Install scClustViz using devtools:

# install devtools
install.packages("devtools")

# install scClustViz
devtools::install_github("BaderLab/scClustViz")

(If you're on linux and getting errors running devtools::install_github, make sure RCurl is working - you might need to install libcurl4-openssl-dev).
Load data from your Seurat analysis for differential expression testing and visualization in scClustViz:

library(scClustViz)

data_for_scClustViz <- readFromSeurat(your_seurat_object)
rm(your_seurat_object)
# All the data scClustViz needs is in 'data_for_scClustViz'.

DE_for_scClustViz <- clusterWiseDEtest(data_for_scClustViz,exponent=exp(1))

save(data_for_scClustViz,DE_for_scClustViz,
     file="for_scClustViz.RData")
# Save these objects so you'll never have to run this slow function again!

runShiny(filePath="for_scClustViz.RData")

scClustViz Usage Guide

scClustViz takes the output object from your single-cell analysis pipeline of choice, and runs differential expression testing for all the clustering solutions generated during your analysis to generate a cluster assessment metric used in the visualization tool. The visualization tool itself is an R Shiny app that generates a variety of figures designed to help assess clustering results, and identify clusters and their marker genes.

Read in data

scClustViz assumes you have tried a variety of parameterizations when clustering the cells from your scRNAseq data, and want to decide which clustering solution you should use (if you haven't yet clustered your data, or are interested in an example of integrating the differential expression metric used in this tool to systematically test different clustering resolutions, see the example pipeline below).
To read in your data from a Seurat object (check the documentation to ensure your object meets requirements), you can run:

data_for_scClustViz <- readFromSeurat(your_seurat_object)

If your data isn't in a Seurat object, or otherwise doesn't fit the requirements for readFromSeurat you can run readFromManual, which allows you to manually add all the required components of your analysis to the object scClustViz uses for the differential expression testing. See its man page (?readFromManual) for details, or use the example here using a hypothetical SingleCellExperiment class from Bioconductor as the input:

# A logical vector separating the cluster assignments from the rest of the
# cell metadata in the colData slot. This is an example that you will have
# to change to reflect your cluster assignment column names.
clusterAssignments <- grepl("^Clust",colnames(colData(mySCE)))

data_for_scClustViz <- readFromManual(nge=logcounts(mySCE),
                                      md=colData(mySCE)[,!clusterAssignments],
                                      cl=colData(mySCE)[,clusterAssignments],
                                      dr_clust=reducedDim(mySCE,"PCA"),
                                      dr_viz=reductedDim(mySCE,"tSNE"))
# All the data scClustViz needs is in 'data_for_scClustViz'.

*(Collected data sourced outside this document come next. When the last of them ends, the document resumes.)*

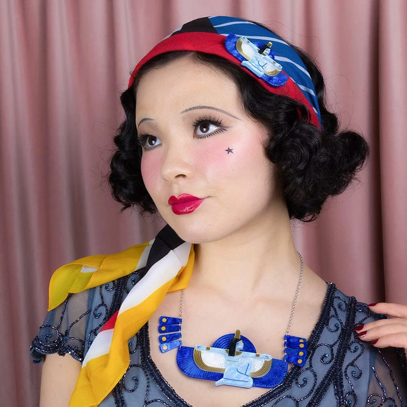 Make a feature of your fondness for this foreign land, with this Egypt Souvenir Square Scarf. Light weight, with a velvety soft feel, it can be worn on its own as an homage to this ancient and enduring civilisation, or with any of our Egyptian Revival accessories.
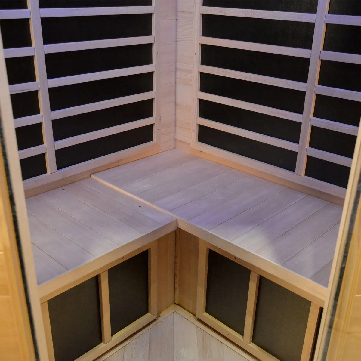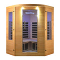 TMG LIVING 3 Person Corner Indoor FAR Infrared Sauna Room, Natural Canadian Hemlock, Bluetooth Speakers, Tempered Glass Door, TMG-LSN40
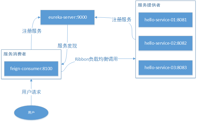 本示例主要介绍 Spring Cloud 系列中的 Eureka,使你能快速上手负载均衡、声明式服务、服务注册中心等
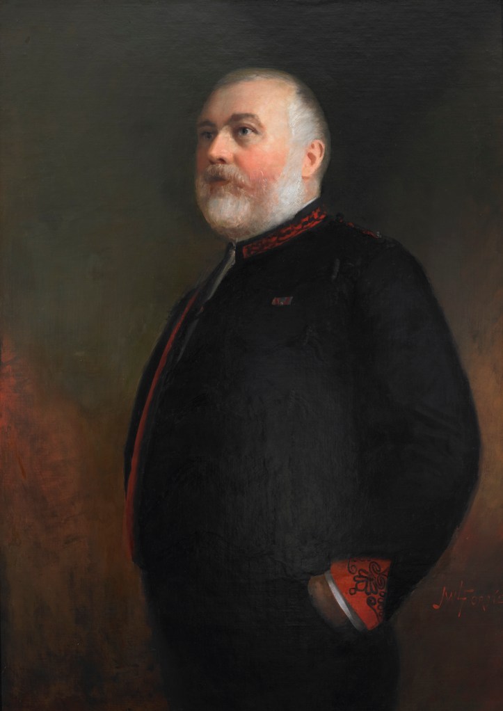 General Sir William D. Otter – Third Commanding Officer, 1875-1883 and Honorary Colonel, 1915-1929. The original 43″ x 30″ oil on canvas mounted onto panel painting by celebrated Canadian portrait artist John Wycliffe Lowes Forster, hangs in the Queen’s Own Rifles’ Officers’ Mess. Photo by Christopher Lawson, June 17, 2010.
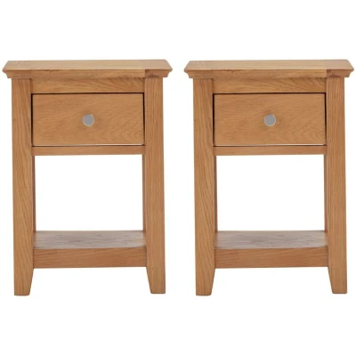 ManoManoGeneral description This set of 2 Hallowood Oak Furniture Hereford Lamp Tables is designed to fit seamlessly into any room with a light or neutral theme. Crafted from solid light oak and real oak veneer, these versatile tables are perfect for small spaces, providing functionality and style. Each table features a handy drawer for easy storage and a shelf below for additional display or storage options. Technical specifications Material: Oak, Pine, and Engineered Board Finish: Lacquered Colour: Light Oak Height: 45 cm Width: 35 cm Length: 32 cm Usage Ideal for holding lamps, books, or personal items in living rooms, bedrooms, or hallways. Can be used as a bedside stand for lamps, books, and alarm clocks. Suitable for supporting plants, decorative pieces, or as an extra surface when needed.
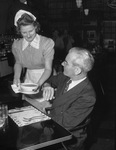 Jack Boyle dodging a bowl of soup as waitress Ann Palmer serves incorrectly.
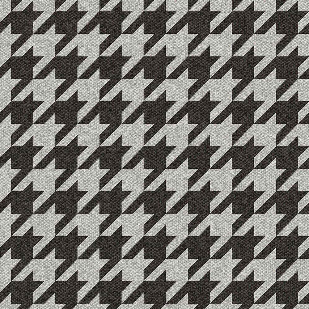 Delicate non-woven wallpaper with a black-gray pattern of rooster footprints on a white-gray textured background.
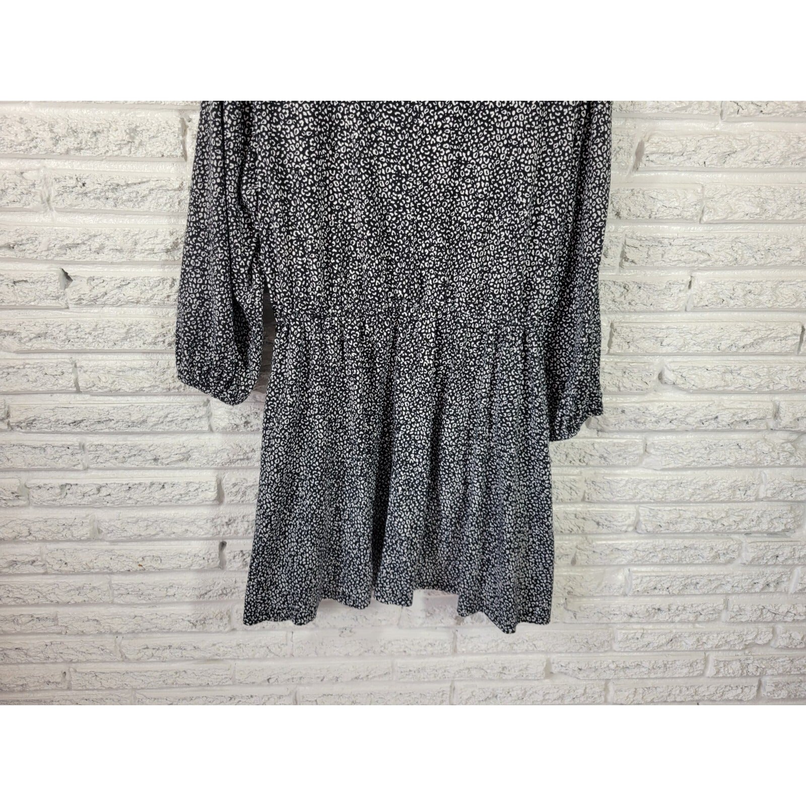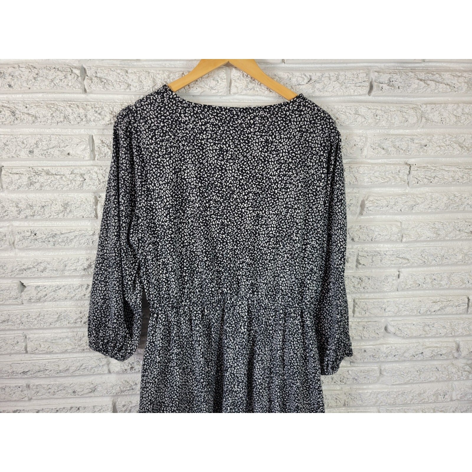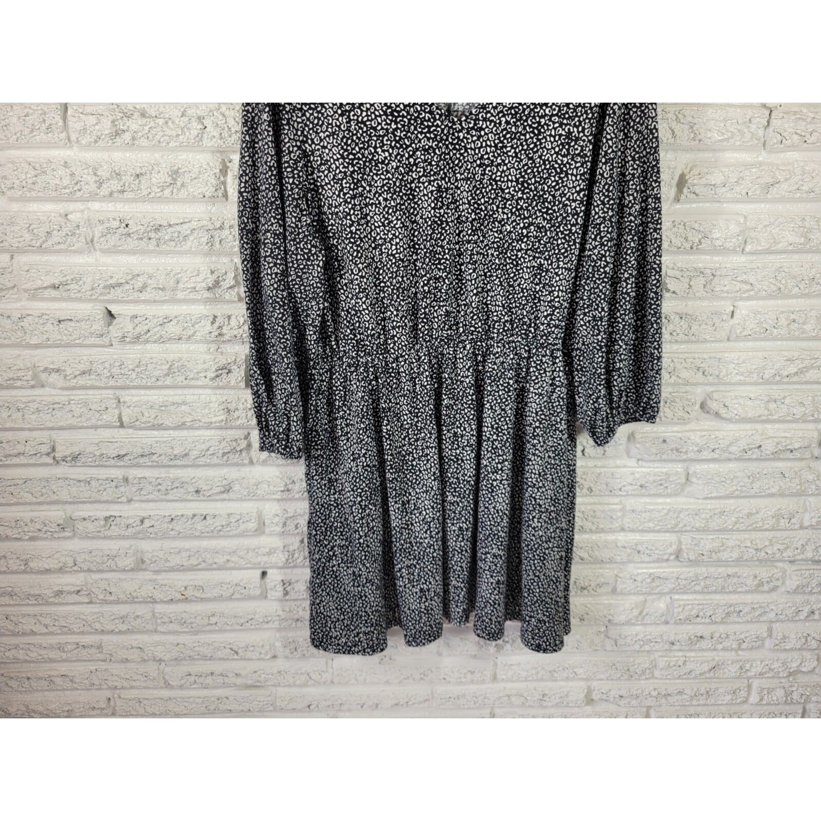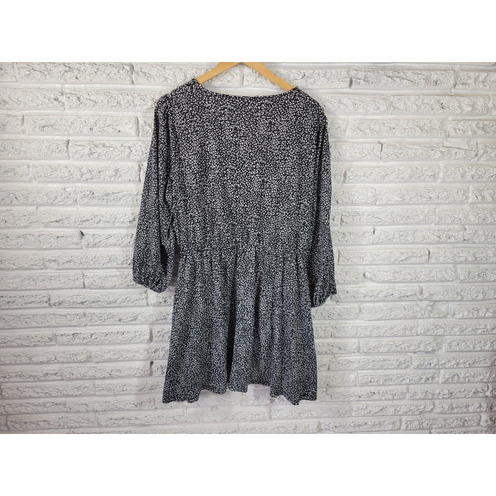 This beautiful Nine West dress is perfect for any casual occasion. The black animal print with a V-neckline and long sleeves make it stylish and comfortable. This dress features a pullover closure, stretchy material, and convenient pockets. Made with a polyester blend, it is machine washable and perfect for any season, whether it's winter, summer, fall, or spring.   The dress is a size XL, with a fit and flare style and a short length. This Nine West dress is a must-have for any wardrobe, and it's perfect for someone who wants to look great without compromising on comfort.

Differential expression testing

A more thorough explanation of the DE testing scheme and how to bypass it (structure of the output lists in case you want to replace it with your own DE method/results) will be here soon. For now, see ?clusterWiseDEtest

DE_for_scClustViz <- clusterWiseDEtest(data_for_scClustViz,
                                       # Stop once DE is lost between nearest neighbouring clusters
                                       testAll=FALSE,
                                       # Normalized data is in log2 space
                                       exponent=2,
                                       # Pseudocount of 1 was added to log-normalized data
                                       pseudocount=1,
                                       # False discovery rate threshold of 1%
                                       FDRthresh=0.01,
                                       # Use difference in detection rate to filter genes for testing
                                       threshType="dDR",
                                       # Genes with at least 15% detection rate difference will be tested
                                       dDRthresh=0.15
                                       )

# Save the results of the preprocessing for use in the Shiny app!
save(data_for_scClustViz,DE_for_scClustViz,file="for_scClustViz.RData")

Run the Shiny app

Finally, its time to run the app. Running this function will open the Shiny UI in a separate window. Have fun exploring your data!

runShiny(filePath="for_scClustViz.RData")

Data Packages

The following data packages can be used to explore the features of scClustViz. You can also follow the vignette below to build your own data package to easily share your analysed scRNAseq data with collaborators and the public.

Embryonic Mouse Cerebral Cortex

The data from the 2017 Cell Reports paper Developmental Emergence of Adult Neural Stem Cells as Revealed by Single-Cell Transcriptional Profiling by Yuzwa et al. are available to explore by installing the R package MouseCortex. These are DropSeq data from timepoints spanning neurogenesis and filtered for cortically-derived cells, processed on an earlier version of the pipeline outlined below (using scran for normalization and Seurat for clustering) and imported into scClustViz using the steps outlined above.

Install MouseCortex using devtools as follows:

# install devtools
install.packages("devtools")

# install MouseCortex (demo data from Yuzwa et al, Cell Reports 2017)
devtools::install_github("BaderLab/MouseCortex") # this takes a minute or two

# install mouse gene annotations from bioconductor (optional)
source("https://bioconductor.org/biocLite.R")
biocLite("org.Mm.eg.db")

Then run the scClustViz Shiny app to view your dataset of choice! There's a wrapper function in the MouseCortex package that handles the call to scClustViz, so it's nice and simple. If you're interested, ?runShiny has example code showing the function call used by the wrapper function.

library(MouseCortex)
viewMouseCortex("e13")

Human Liver Atlas

The data from the 2018 Nature Communications paper Single cell RNA sequencing of human liver reveals distinct intrahepatic macrophage populations by MacParland et al. are available to explore by installing the R package HumanLiver. These are 10X Chromium data from the livers of 5 human donors, processed on the pipeline outlined below (using scran for normalization and Seurat for clustering) and imported into scClustViz using the steps outlined above.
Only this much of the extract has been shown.